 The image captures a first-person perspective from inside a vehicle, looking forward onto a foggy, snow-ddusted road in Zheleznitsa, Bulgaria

——

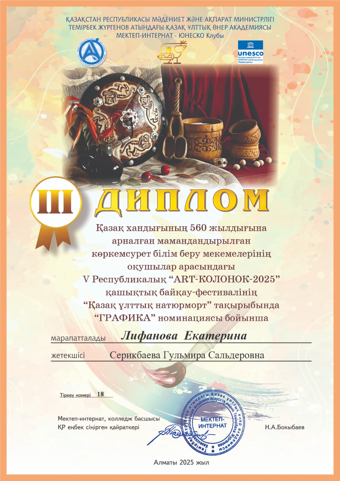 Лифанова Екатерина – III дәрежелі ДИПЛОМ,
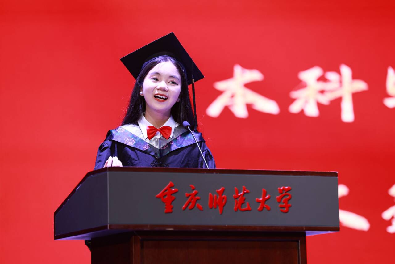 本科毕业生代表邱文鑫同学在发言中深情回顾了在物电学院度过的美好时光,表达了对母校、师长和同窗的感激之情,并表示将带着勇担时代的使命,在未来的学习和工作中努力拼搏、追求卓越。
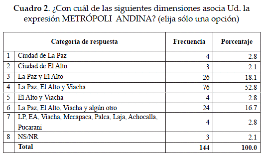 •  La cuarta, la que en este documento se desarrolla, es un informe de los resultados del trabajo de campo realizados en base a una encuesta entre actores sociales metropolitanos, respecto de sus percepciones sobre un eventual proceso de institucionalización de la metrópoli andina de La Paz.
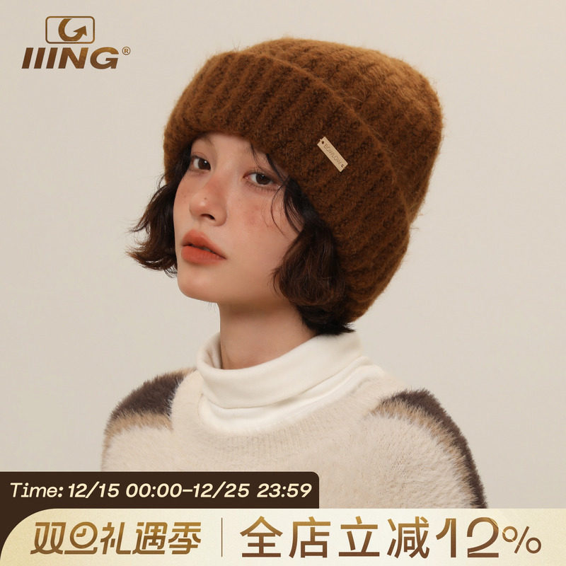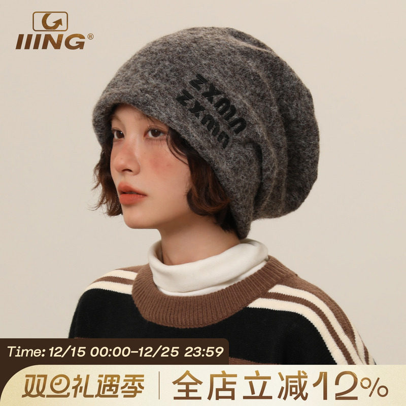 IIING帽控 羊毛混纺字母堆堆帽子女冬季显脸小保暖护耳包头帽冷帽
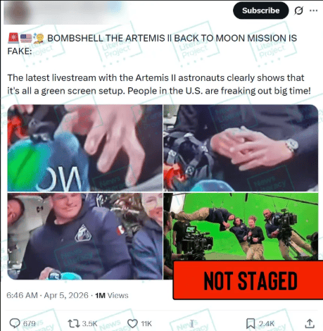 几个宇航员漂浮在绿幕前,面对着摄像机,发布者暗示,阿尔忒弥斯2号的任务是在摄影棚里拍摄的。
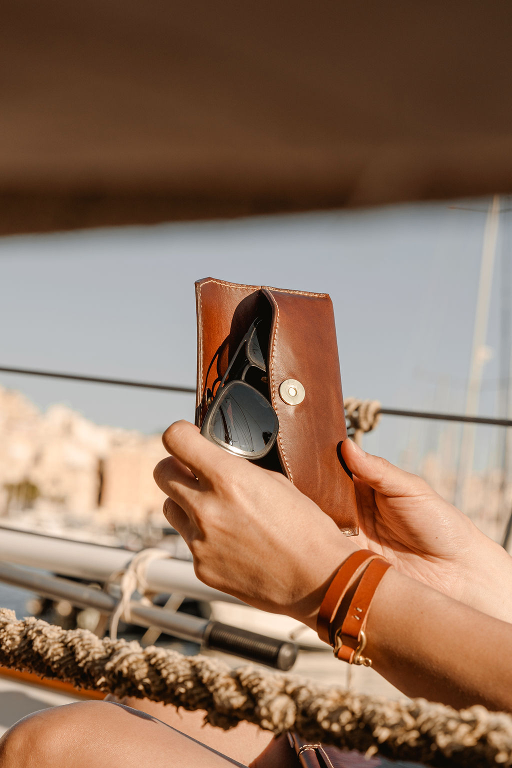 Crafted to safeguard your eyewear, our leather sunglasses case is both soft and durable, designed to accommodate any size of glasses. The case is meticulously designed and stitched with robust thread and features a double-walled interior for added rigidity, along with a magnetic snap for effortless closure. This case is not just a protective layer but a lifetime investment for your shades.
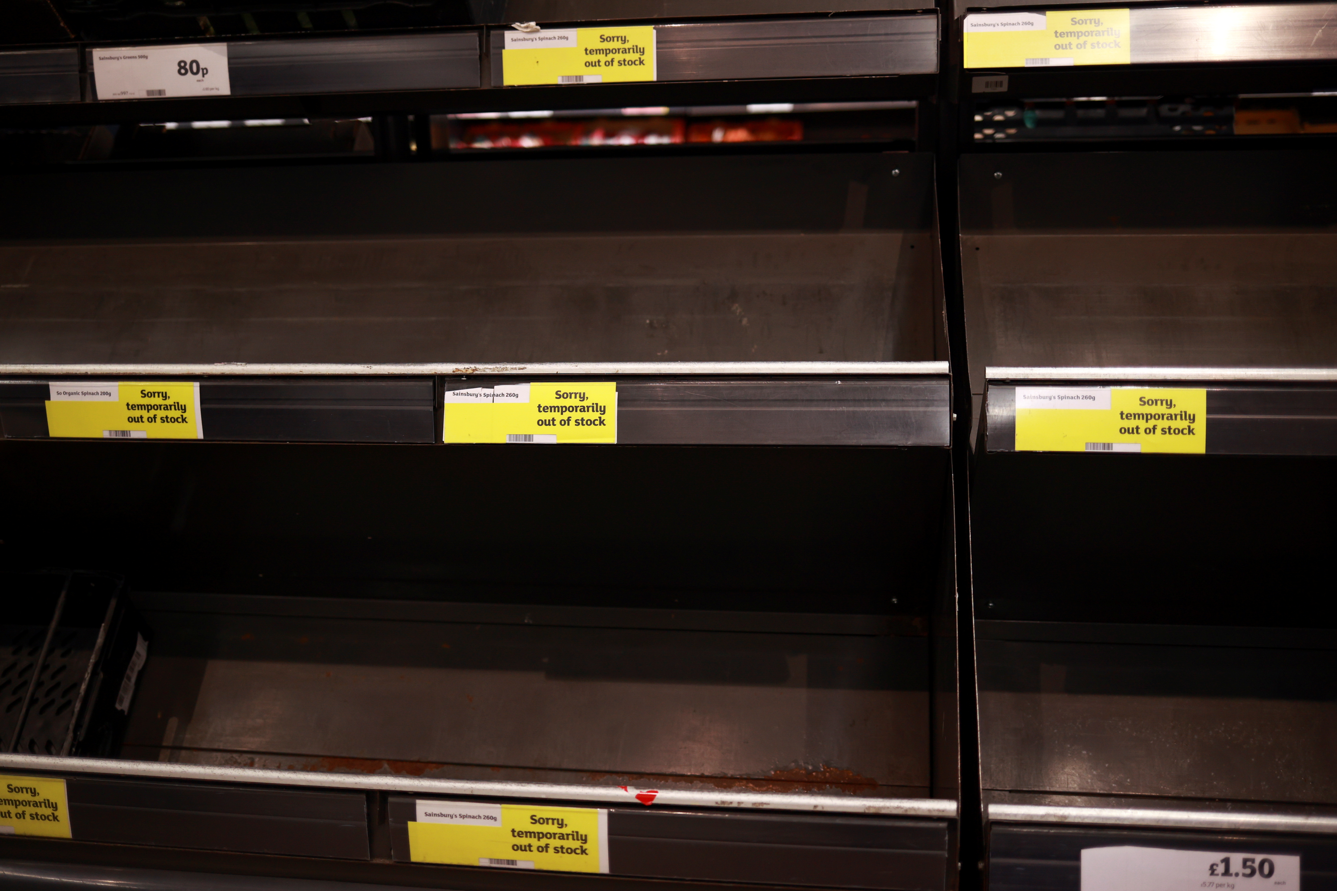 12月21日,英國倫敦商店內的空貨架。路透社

——

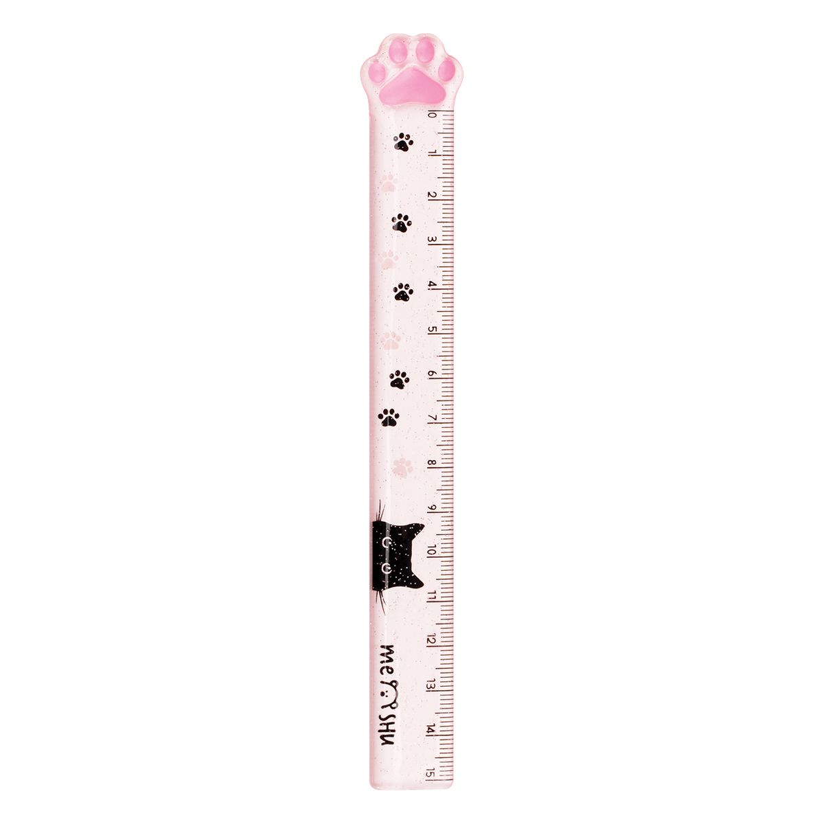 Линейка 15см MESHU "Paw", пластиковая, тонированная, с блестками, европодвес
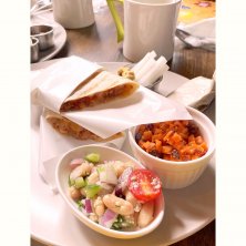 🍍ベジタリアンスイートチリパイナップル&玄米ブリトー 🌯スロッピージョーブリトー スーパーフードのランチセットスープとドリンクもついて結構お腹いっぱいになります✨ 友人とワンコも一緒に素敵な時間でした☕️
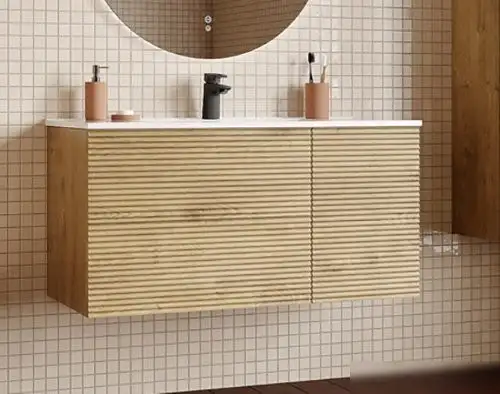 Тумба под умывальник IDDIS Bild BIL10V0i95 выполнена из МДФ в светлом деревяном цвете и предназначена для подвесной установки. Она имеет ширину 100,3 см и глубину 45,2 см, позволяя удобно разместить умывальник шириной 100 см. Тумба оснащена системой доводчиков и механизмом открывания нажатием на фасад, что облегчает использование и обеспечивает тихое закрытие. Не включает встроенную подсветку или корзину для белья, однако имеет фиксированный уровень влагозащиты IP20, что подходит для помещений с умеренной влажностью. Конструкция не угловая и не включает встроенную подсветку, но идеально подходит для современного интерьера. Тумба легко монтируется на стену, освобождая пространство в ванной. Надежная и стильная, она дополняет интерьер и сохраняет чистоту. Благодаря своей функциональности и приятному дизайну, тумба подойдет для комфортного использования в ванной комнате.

——

Prompt:
Everything above from the line with "Лифанова Екатерина –" through the line with "本科毕业生代表邱文鑫同学在发" should be retyped exactly, and nothing else; omit pictures.

Written response:
 Лифанова Екатерина – III дәрежелі ДИПЛОМ,
 本科毕业生代表邱文鑫同学在发言中深情回顾了在物电学院度过的美好时光,表达了对母校、师长和同窗的感激之情,并表示将带着勇担时代的使命,在未来的学习和工作中努力拼搏、追求卓越。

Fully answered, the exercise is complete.